Some of the prisoners captured by the Americans were killed, others were tortured to death, others are still kept without any rights at Guantanamo Bay. And they were displayed by the Americans on TV when they were captured. But, according to the US administration they were not prisoners of war but “illegal combatants”, and for that reason such actions by the Americans were justified.

Before we proceed to consider the difference between Prisoners of War and Illegal Combatants we have to agree with the American administration that the Geneva Convention is obsolete. It is obsolete because it is based on the assumption that wars are “legal”. This is because at the time the Geneva Convention was introduced, wars were seen as normal and main activity of governments. From time to time the government of a country would decide to declare a war against any country, and then there would be war. Wars between European nations used to be as common as they are today in some parts of Africa. But can we still see wars as legal today?

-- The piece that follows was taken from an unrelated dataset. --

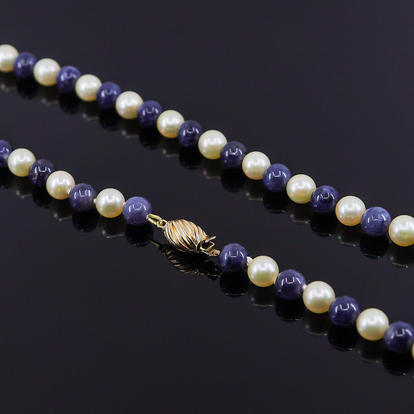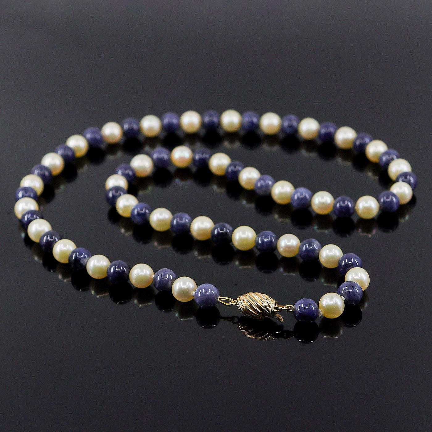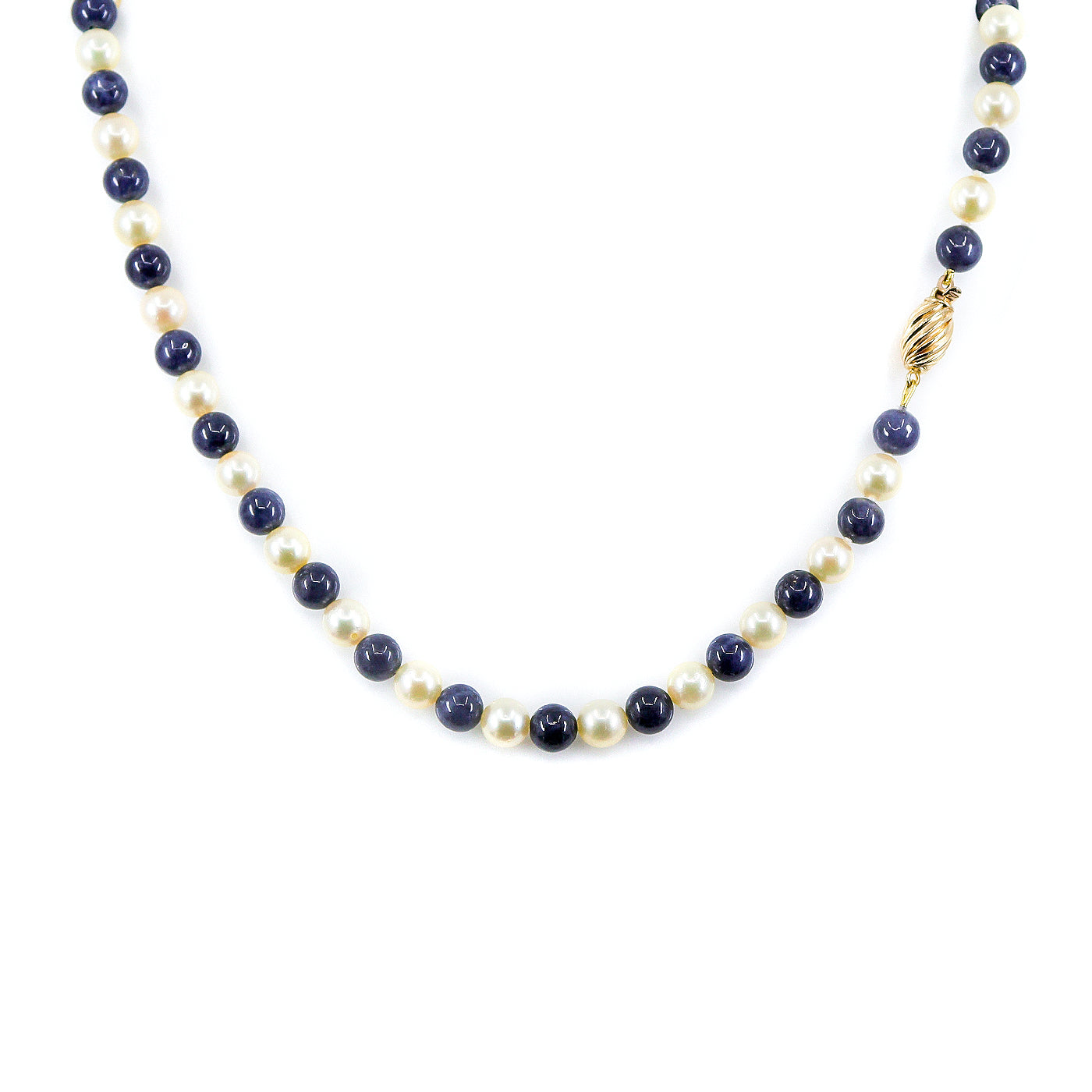 Pre-Owned Alternating Cultured Pearl & Sapphire Bead Necklace with 9ct Yellow Gold Oval Fluted Clasp

As any form of violence, wars can be justified only to prevent violence, and only if there are no other means of doing so. A war for any other purpose is illegal.

But since, as we can see from the American war against Iraq, there are no adequate legal means of preventing illegal wars by super‐powers, and the law of the jungle still rules at the international level, the Geneva Convention at least seeks to limit brutalities associated with wars. So while obsolete in principle, it still could play some positive restraining role in practice — if it were observed by all and at all times.

So, what is the difference between PoWs and Illegal Combatants?

In the Afghan war, Afghanistan did not attack the US, it was the US that attacked Afghanistan. They attacked Afghanistan because the Afghan government told the US administration that they would hand over Osama bin Laden, if a proof of his complicity in the events of the 9/11 were presented to them. The Americans saw such condition as an insult to their self‐righteousness, and attacked Afghanistan. The Afghan war was not justified on any grounds, although Tony Blair tried to justify it by false arguments. But, as at that time “the world” was in a state of shock and lost its ability to make honest impartial judgments, the Afghan war had “broad international support”.

As the Afghan war began, some Afghans began to resist the American invasion. They were captured and became prisoners. But, because at that time the US found that the status of PoWs would restrict their troops in their treatment of the Afghan prisoners, they proclaimed them “illegal combatants”. But it was the American invasion of Afghanistan that was illegal, not the resistance to it by the Afghans. The Afghans had right to defend themselves.

So there is nothing legal about the term “illegal combatants”, it was invented by the Americans to justify their own brutalities against the prisoners of the illegal American war against Afghanistan.

Encouraged by the “broad public support” for their Afghan war, the Americans attacked Iraq. Again this attack was not justified, and, this time, it was even condemned by “the world”. And this time some Americans soldiers became prisoners. As the American war against Iraq is just as illegal as their war against Afghanistan, the American soldiers are illegal combatants in the true sense of these words. But now the Americans want to seek the protection of the Geneva Convention which they denied to the prisoners of the Afghan war.

The only result of this is that once again the Americans have shown themselves to the world as hypocrites and still further undermined their credibility and trust.

People with evil intentions are their own worst enemies and always end up by deceiving themselves.

But the American hypocrisy, just as the hypocrisy of Tony Blair, plays a positive role in Human History. It teaches the world the values of honesty and objectivity.